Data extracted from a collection
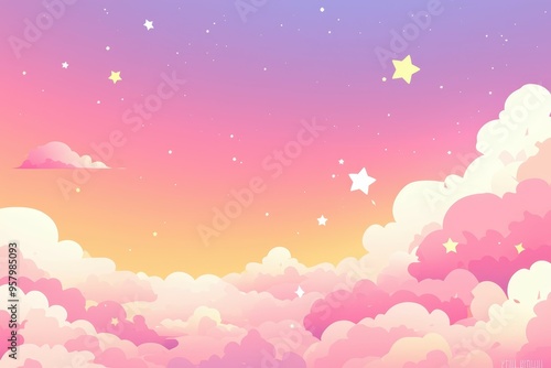 A whimsical sky filled with pastel clouds and twinkling stars, creating a dreamy atmosphere perfect for imagination and creativity.
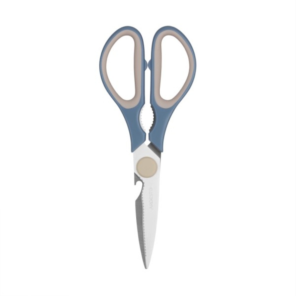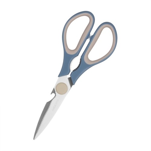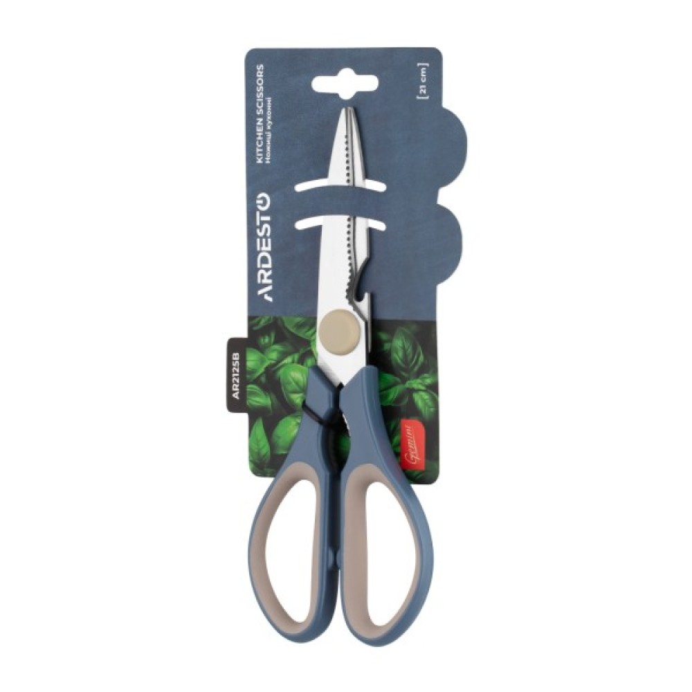 У кухонних ножицях ARDESTO Gemini поєднано функціональність і стильний дизайн. Інструмент виготовлено з нержавіючої сталі та пластику, зумовлюючи довговічність і зручність під час використання. Ножиці виготовлено в сіро-блакитному кольорі. Завдяки розміру (21 × 8,3 × 1 см) згодяться для щоденного використання. Інструмент можна мити в посудомийній машині, що полегшує догляд.
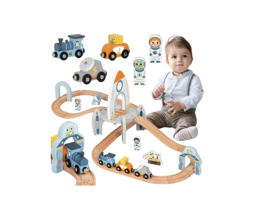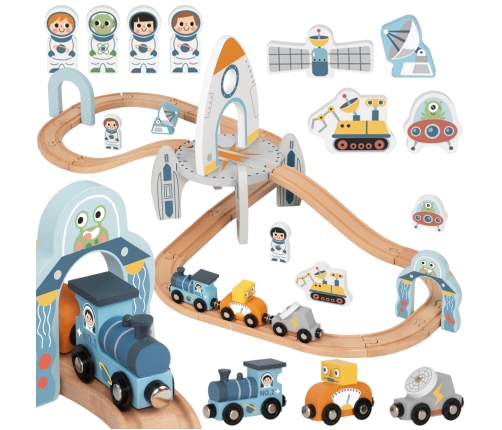 - - zestaw zawiera drewniane tory składane, pociąg z dwoma wagonikami, postacie kosmonautów, akcesoria kosmiczne m.in satelitę, łazik i latający spodek oraz rakietę i łuk z wizerunkiem kosmity,
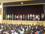 4月27日(金)、体育館にて音楽朝会を行いました。 離任式で歌う「きみとぼく...
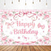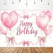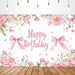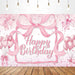 Aperturee Lovely Bows Balloons Happy Birthday Backdrop, Charming Pink Decor, Perfect for Girls
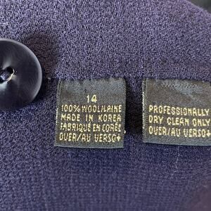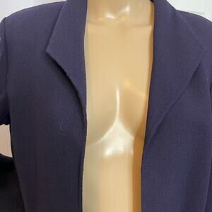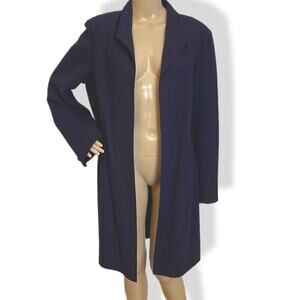 Dana Buchman jacket 14 navy blue wool open front knee length
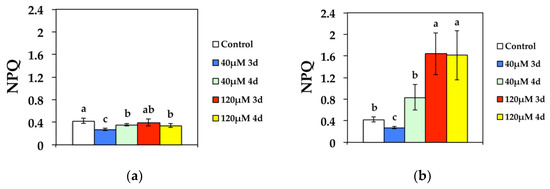Non-photochemical quenching (NPQ) that reflects heat dissipation of excitation energy, decreased significantly compared to the control after 3 d at 40 μM Cd at GL, while it improved during the 4 d (Figure 5a). Exposure to 120 μM Cd resulted in decreased NPQ at GL compared to controls during the 4 d (Figure 5a). At HL, NPQ decreased significantly compared to the control after 3 d exposure to 40 μM Cd, and increased to control values during the 4 d, while after exposure to 120 μM Cd increased significantly compared to the controls (Figure 5b).

◆ **WHAT YOU ARE ASKED TO DO**
Starting at the line that contains "4月27日(金)、体育館にて", restate every line through the end of the records exactly as written, but leave the pictures out.

◆ **SOLUTION TO THE EXERCISE**
 4月27日(金)、体育館にて音楽朝会を行いました。 離任式で歌う「きみとぼく...
 Aperturee Lovely Bows Balloons Happy Birthday Backdrop, Charming Pink Decor, Perfect for Girls
 Dana Buchman jacket 14 navy blue wool open front knee length
Non-photochemical quenching (NPQ) that reflects heat dissipation of excitation energy, decreased significantly compared to the control after 3 d at 40 μM Cd at GL, while it improved during the 4 d (Figure 5a). Exposure to 120 μM Cd resulted in decreased NPQ at GL compared to controls during the 4 d (Figure 5a). At HL, NPQ decreased significantly compared to the control after 3 d exposure to 40 μM Cd, and increased to control values during the 4 d, while after exposure to 120 μM Cd increased significantly compared to the controls (Figure 5b).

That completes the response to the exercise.